Records from a data collection:
···

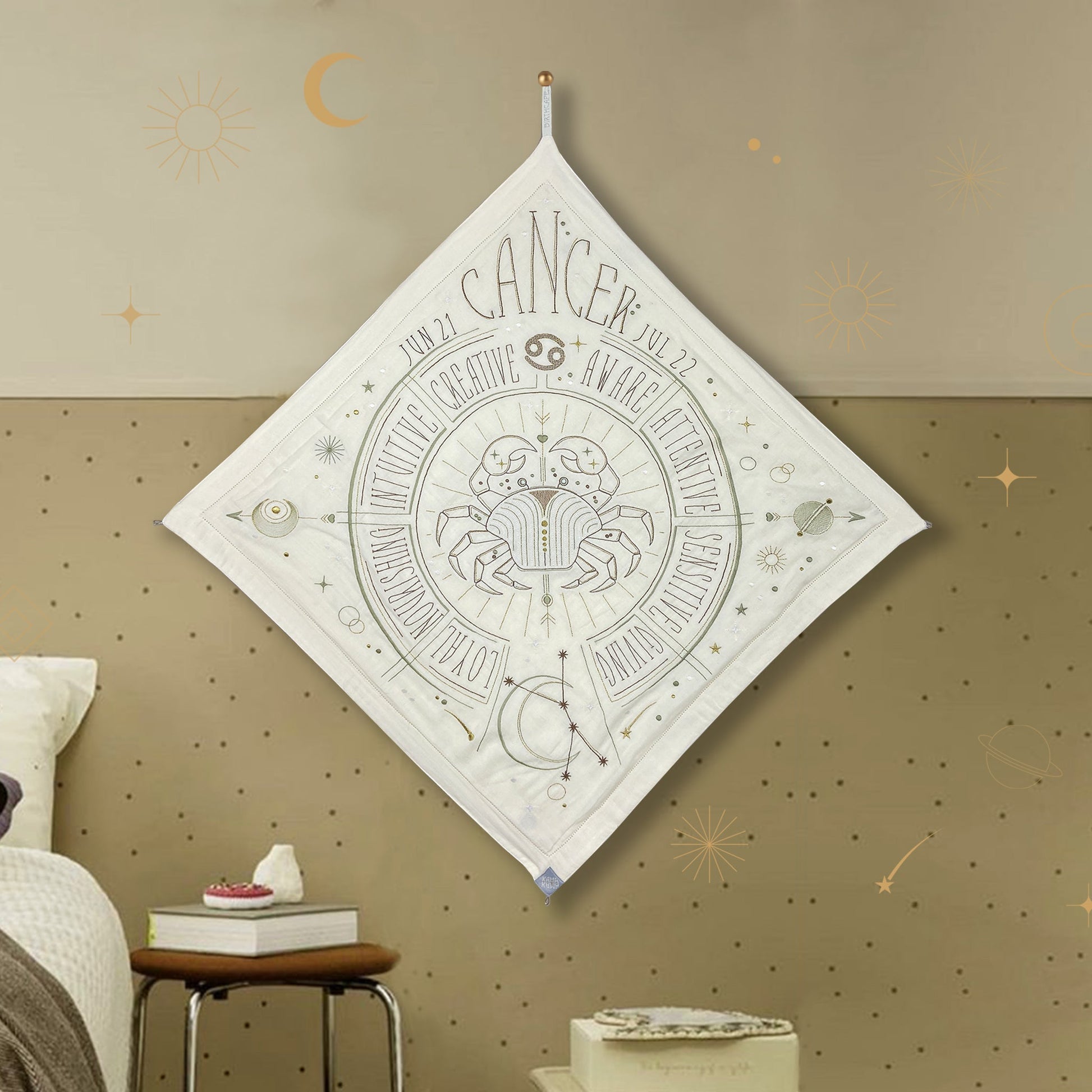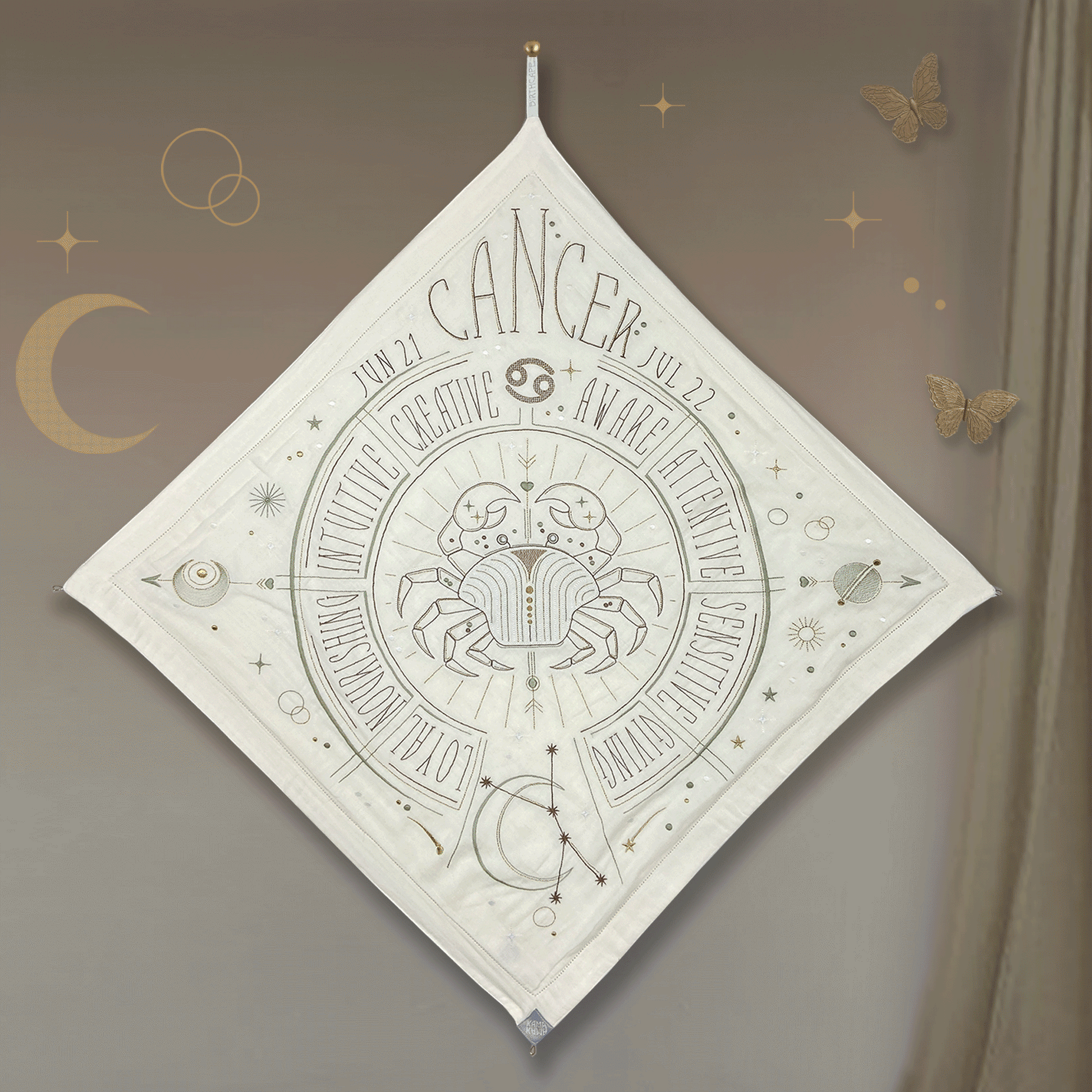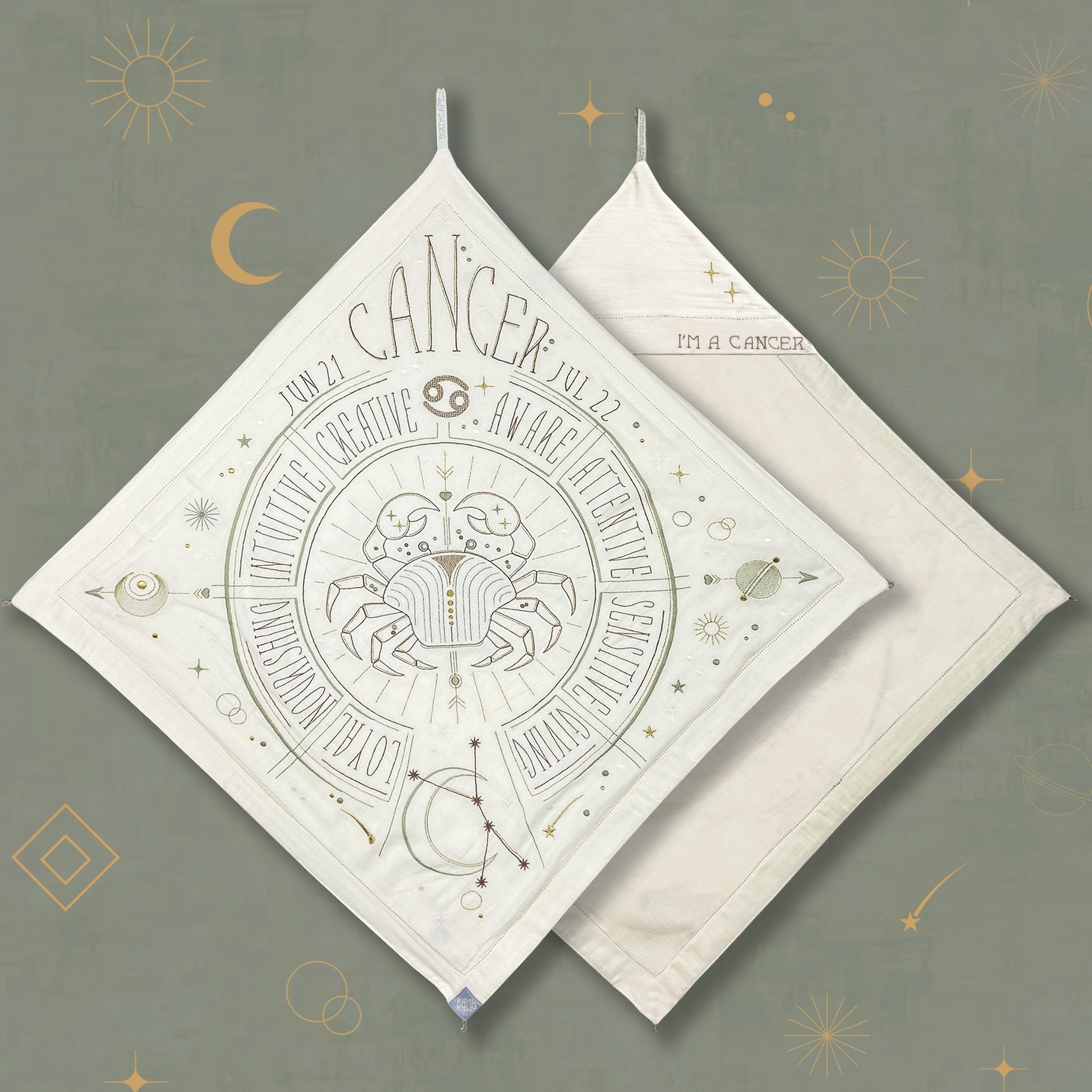 Wrap your little loved one in this Sacred Birth Cape. An beautifully embroidered bath cape with the star sign of the little one, shows the position of the stars and personal characteristics. The shape, colors, materials and symbols have the potential to rise the energy of your sacred zodiac spirit. The unique “glow in the dark” effect will give you a magical experience in the night. A timeless gift to be treasured a lifelong. Use it as a bath cape or as a decoration on your wall, made of 100% super soft cotton.
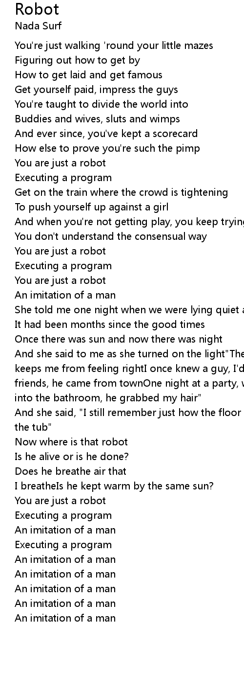 And she said to me as she turned on the light"There's something you don't know keeps me from feeling rightI once knew a guy, I'd seen him aroundHe knew all my friends, he came from townOne night at a party, we both were thereHe followed me into the bathroom, he grabbed my hair" |
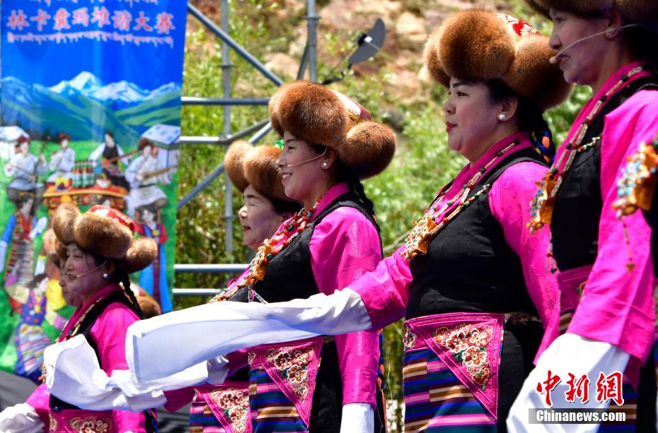 6月28日,拉薩首屆林卡囊瑪堆諧大賽在達(dá)孜區(qū)舉辦?,F(xiàn)場(chǎng),經(jīng)過(guò)前期海選入圍的19支隊(duì)伍依次上臺(tái)競(jìng)技。囊瑪和堆諧,合稱囊瑪堆諧,是西藏民間歌舞發(fā)展到較高層次、集歌舞樂(lè)為一體的珍貴傳統(tǒng)文化藝術(shù)遺產(chǎn),深受當(dāng)?shù)孛癖姷南矏?ài)與追捧。圖為首屆林卡囊瑪堆諧大賽比賽現(xiàn)場(chǎng)。
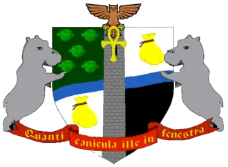 Escudo: Un Escudo, dividido en cuatro por un río (el Ankh) y una torre (la torre del Arte). Dos cuartos tienen una bolsa de dinero, otro un campo de coles y el último un cuadro negro de los Vetinari. El escudo está escoltado por dos hipopótamos y un morpork sosteniendo un ankh entre sus patas. Himno Nacional: We Can Rule You Wholesale | ||
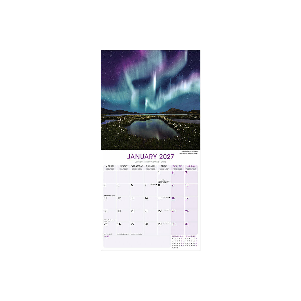 Description : Calendrier 2027 Aurores Boréales
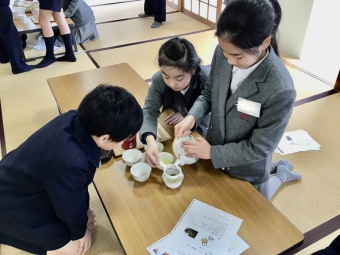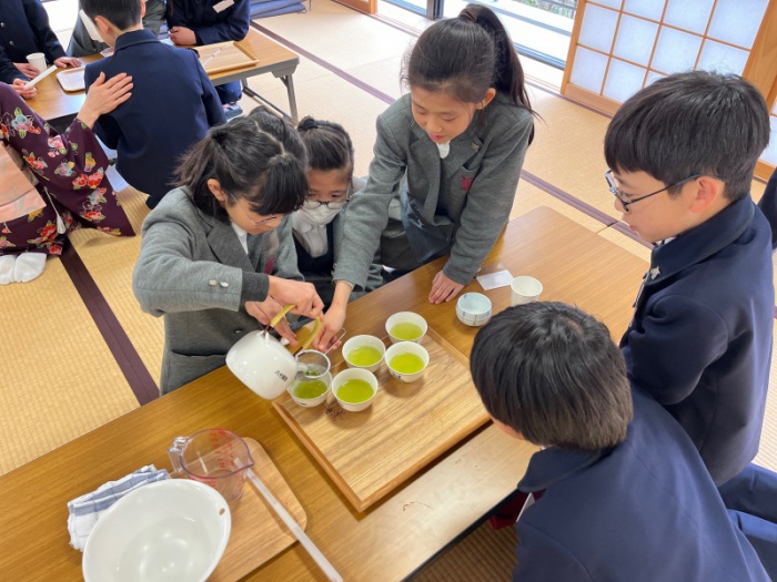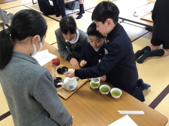 日本文化学習は、各学年毎年3回行なっております。5年生の3回目の日本文化学習では、訪問時の作法やお茶の淹れ方について学習しました。訪問時の作法では、ふすまの開け方閉め方や、上座下座などの座り方などについて学習しました。また、お茶の淹れ方では、深蒸し煎茶の淹れ方についてグループで協力しながら挑戦しました。その後、自分たちで淹れたお茶とお菓子をいただきました。
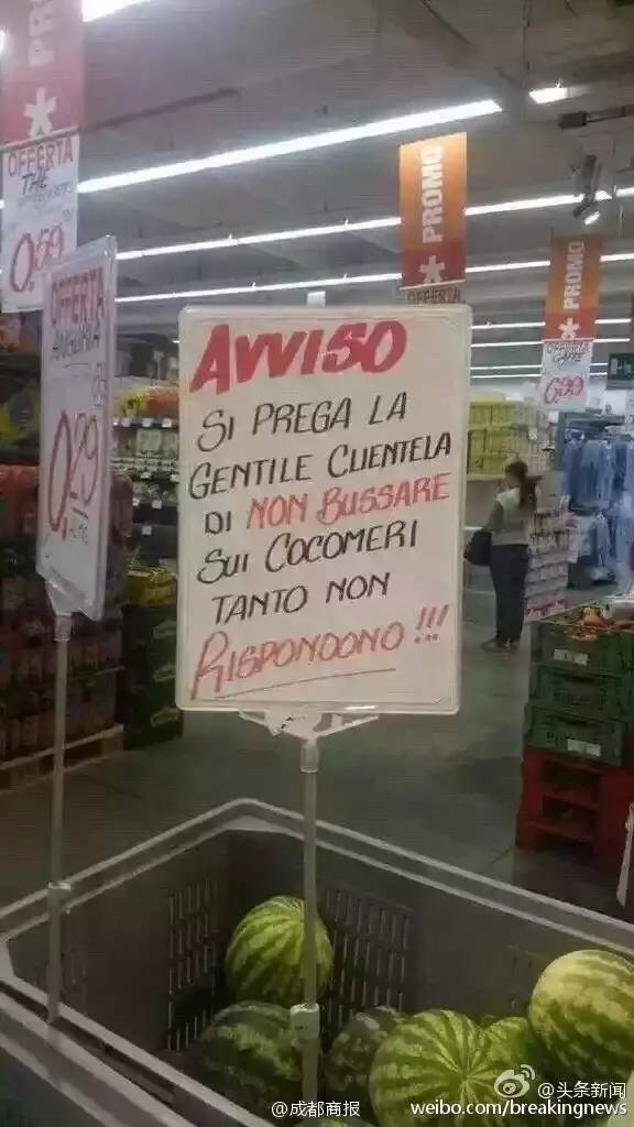 怎么才能挑到好吃的西瓜?我们有个绝招,那就是--敲西瓜!但是,6月17日,微博博主@孤岛守护者发微博说:意大利超市给中国顾客立了个牌子:"尊敬的顾客,请您不要再敲西瓜了,它们是真的不会回应的!!!"
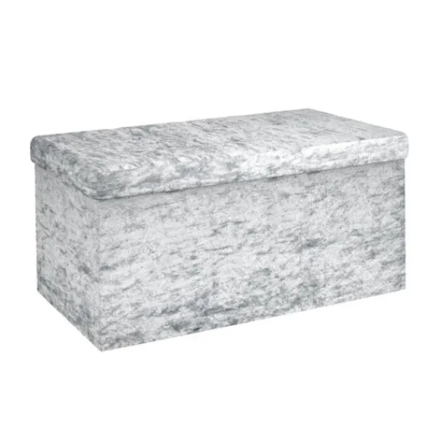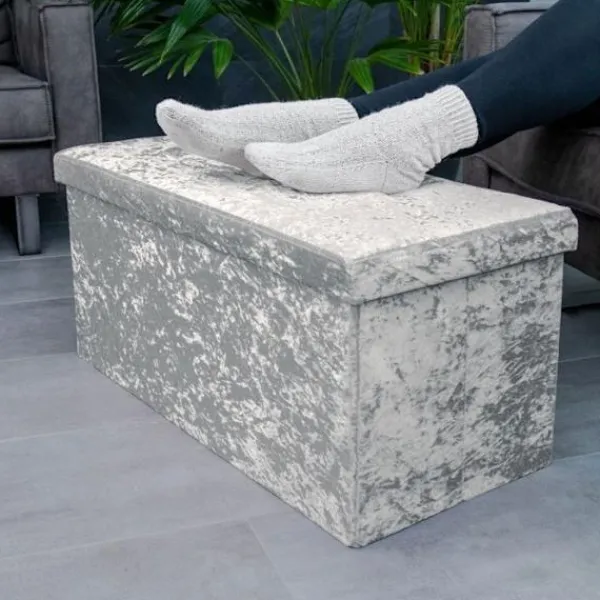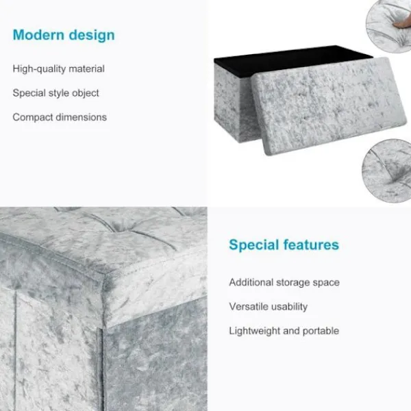 Den eleganta sammetsklädseln på utsidan och det mjuka tyget på insidan av denna praktiska vikbox / puff får den att se väldigt lyxig ut och garanterat dra blickarna till sig!

···

ACTION ITEM
Please quote the records above exactly, beginning at the line that contains "日本文化学習は、各学年毎年3" and ending at their last line. Leave the pictures out.

RESULT FOR THIS EXERCISE
 日本文化学習は、各学年毎年3回行なっております。5年生の3回目の日本文化学習では、訪問時の作法やお茶の淹れ方について学習しました。訪問時の作法では、ふすまの開け方閉め方や、上座下座などの座り方などについて学習しました。また、お茶の淹れ方では、深蒸し煎茶の淹れ方についてグループで協力しながら挑戦しました。その後、自分たちで淹れたお茶とお菓子をいただきました。
 怎么才能挑到好吃的西瓜?我们有个绝招,那就是--敲西瓜!但是,6月17日,微博博主@孤岛守护者发微博说:意大利超市给中国顾客立了个牌子:"尊敬的顾客,请您不要再敲西瓜了,它们是真的不会回应的!!!"
 Den eleganta sammetsklädseln på utsidan och det mjuka tyget på insidan av denna praktiska vikbox / puff får den att se väldigt lyxig ut och garanterat dra blickarna till sig!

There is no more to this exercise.